Task item:
Extract, exactly and without pictures, every line from the one that includes "足を伸ばして座り、背中を壁面" through the final line of the material below.

Data below:
------------------------------

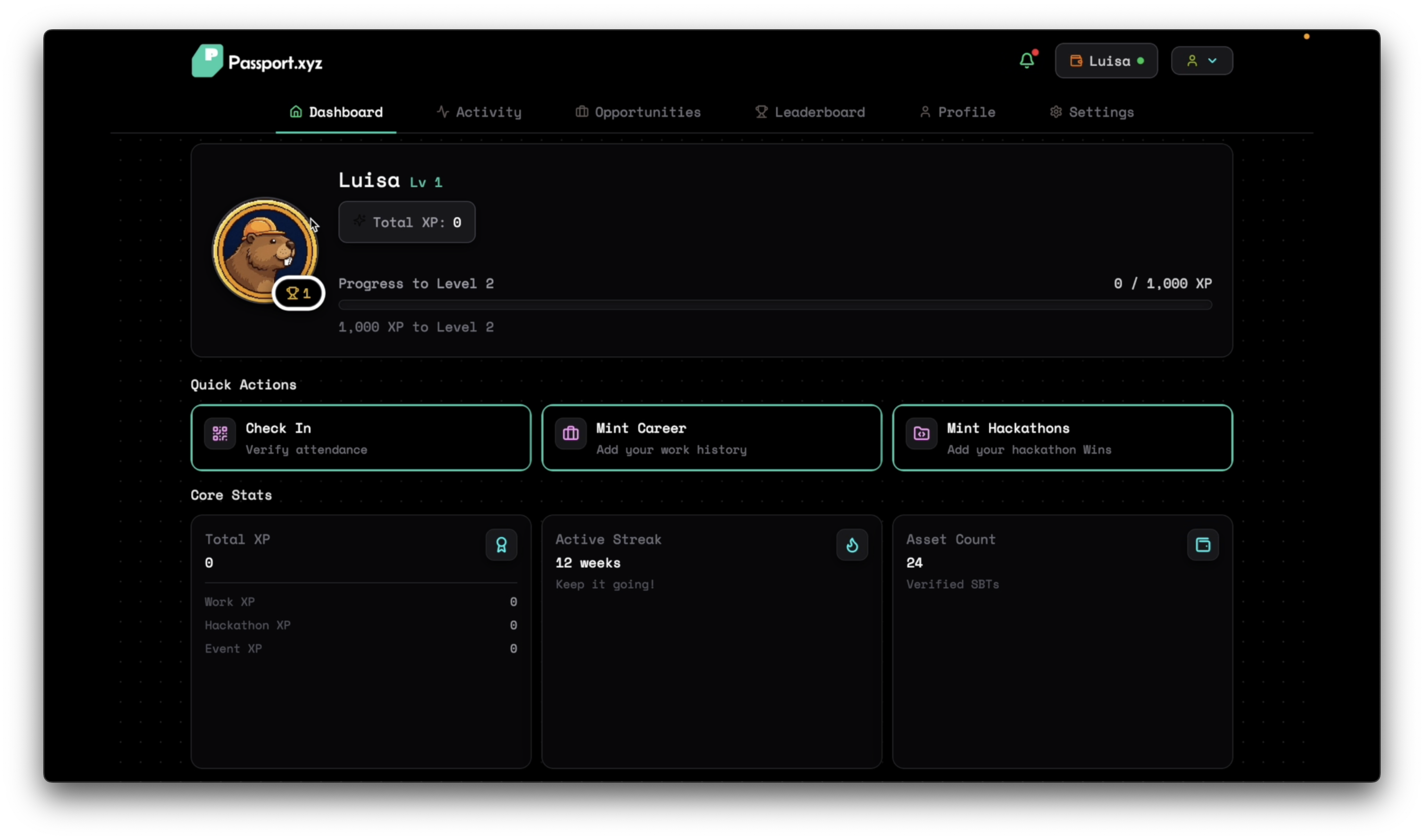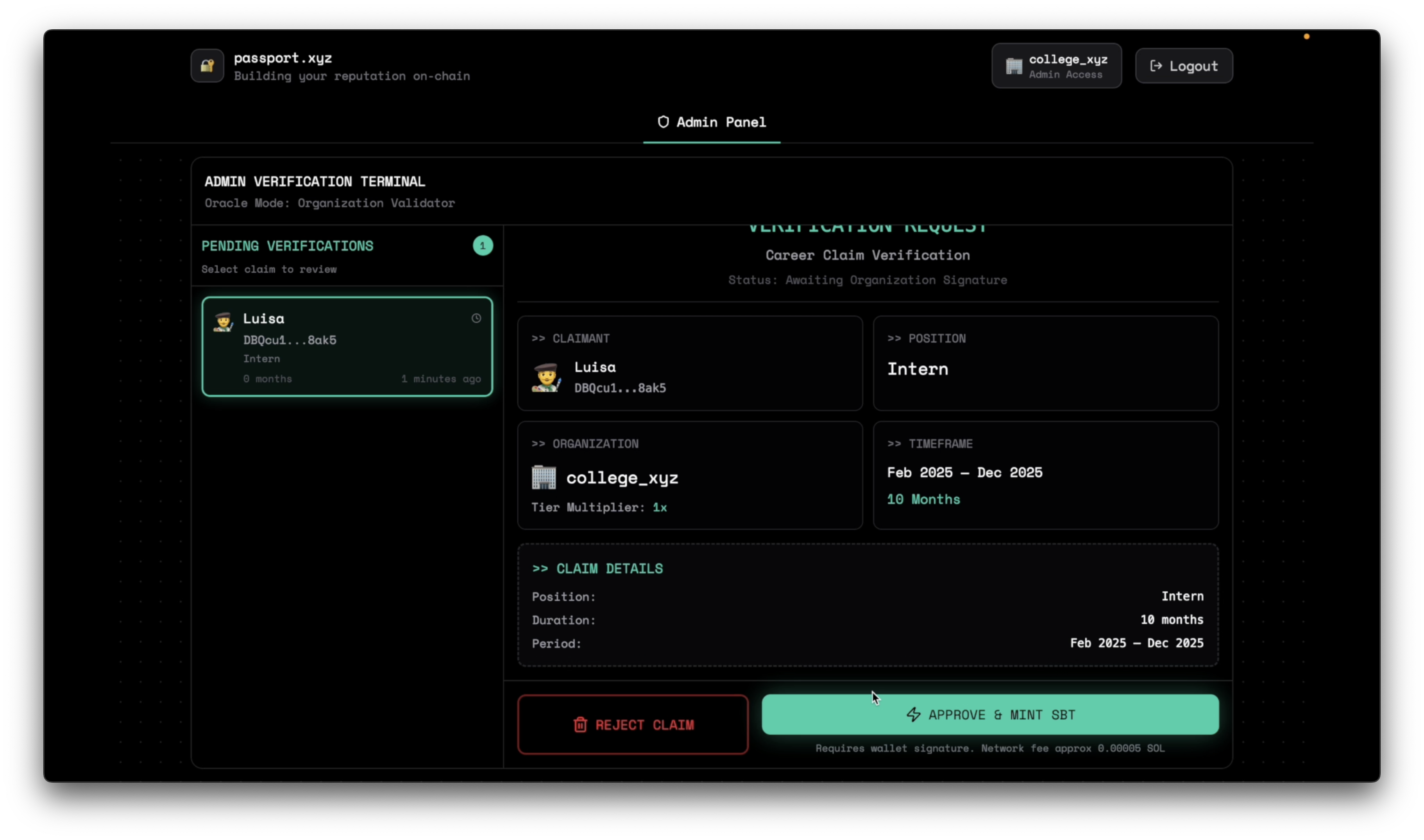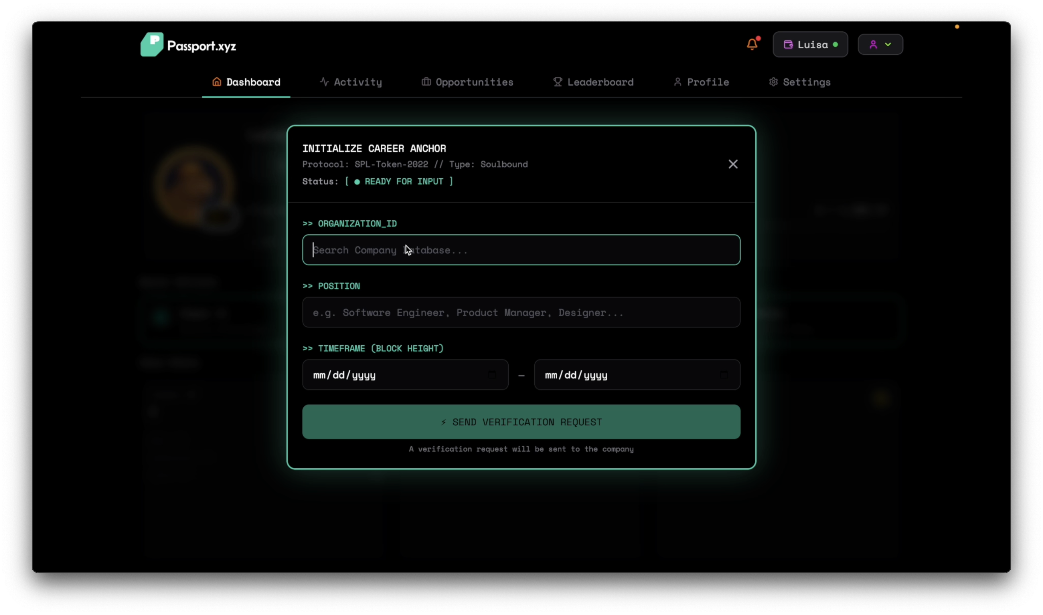 - Cross-platform integration with GitHub, Devpost, LinkedIn, and Solana wallets
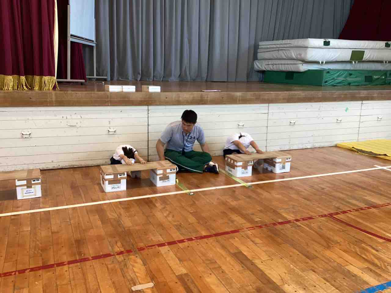 足を伸ばして座り、背中を壁面につけた状態で測定器(段ボール)を両親指の腹で押し、測定器の移動距離を測る種目です。体の柔軟性を測定します。
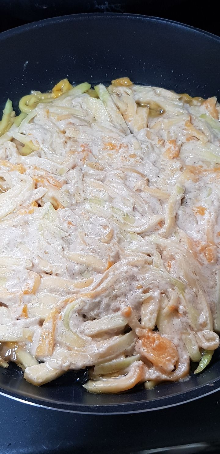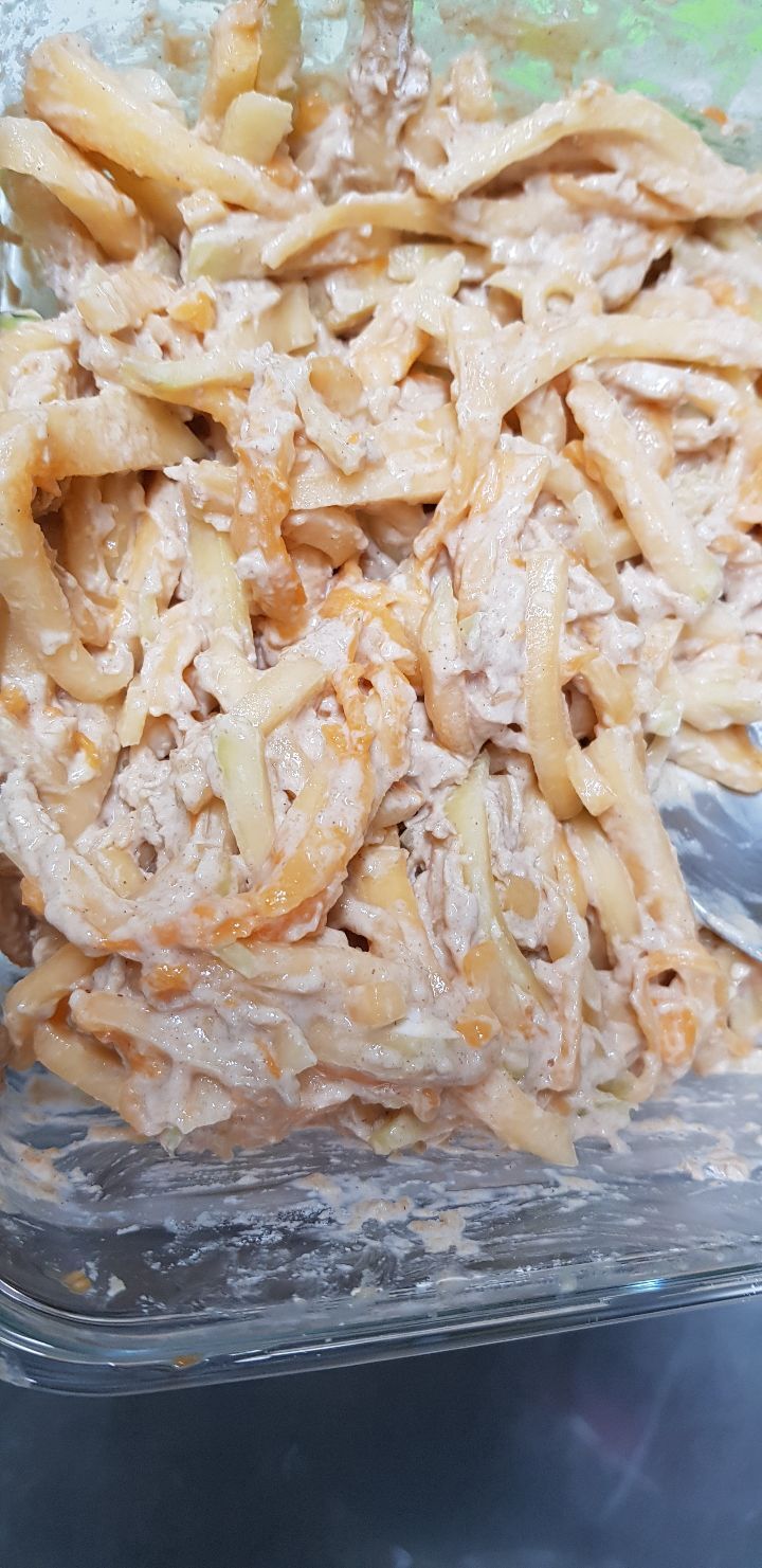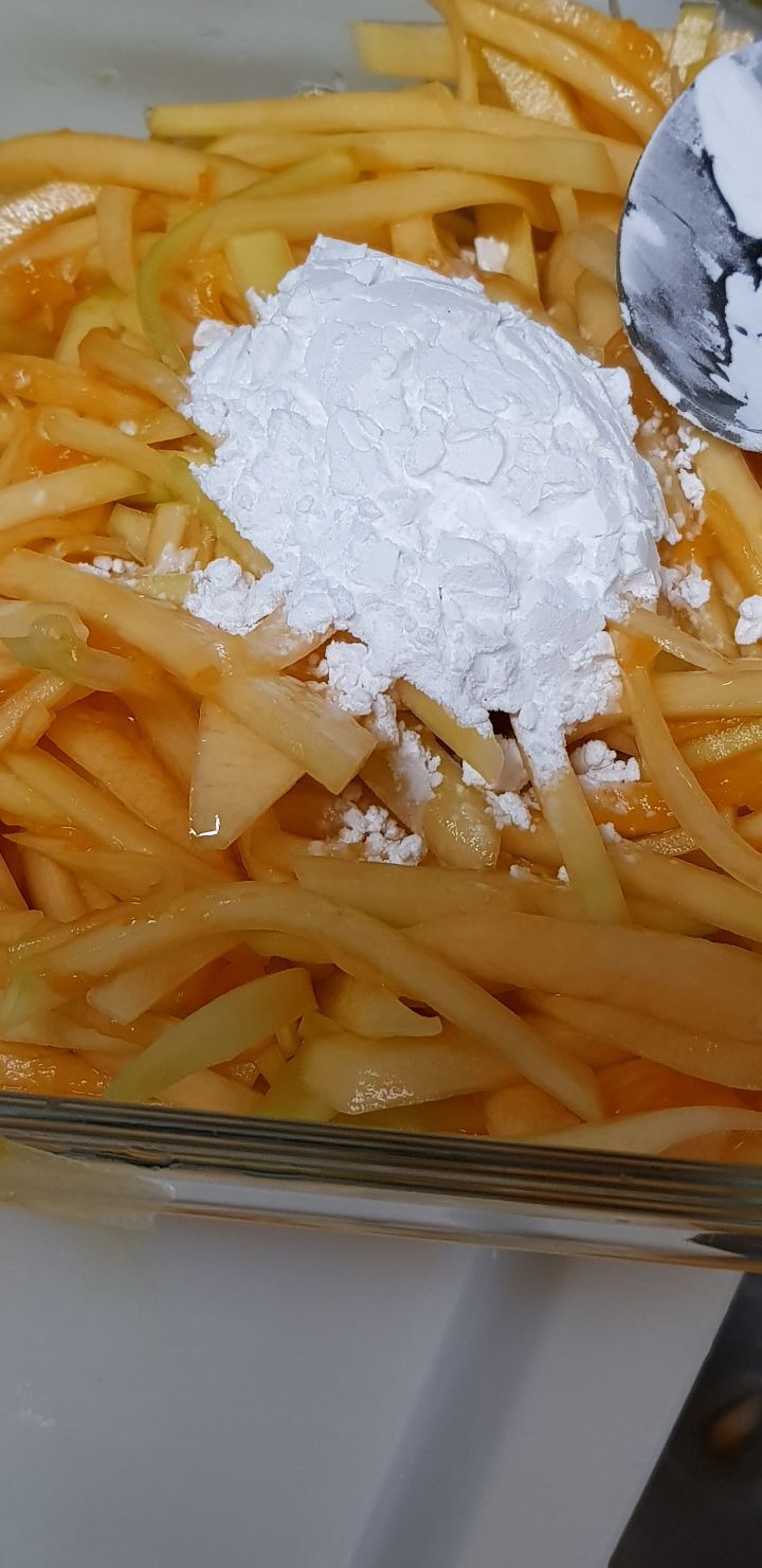 살짝 절여진 늙은호박채 그대로에 돼지감자가루(감자전분이나 옥수수전분도 좋아요)1수저와 밀가루 1컵정도 넣고 골고루 섞어줘요.

------------------------------

Problem solution:
 足を伸ばして座り、背中を壁面につけた状態で測定器(段ボール)を両親指の腹で押し、測定器の移動距離を測る種目です。体の柔軟性を測定します。
 살짝 절여진 늙은호박채 그대로에 돼지감자가루(감자전분이나 옥수수전분도 좋아요)1수저와 밀가루 1컵정도 넣고 골고루 섞어줘요.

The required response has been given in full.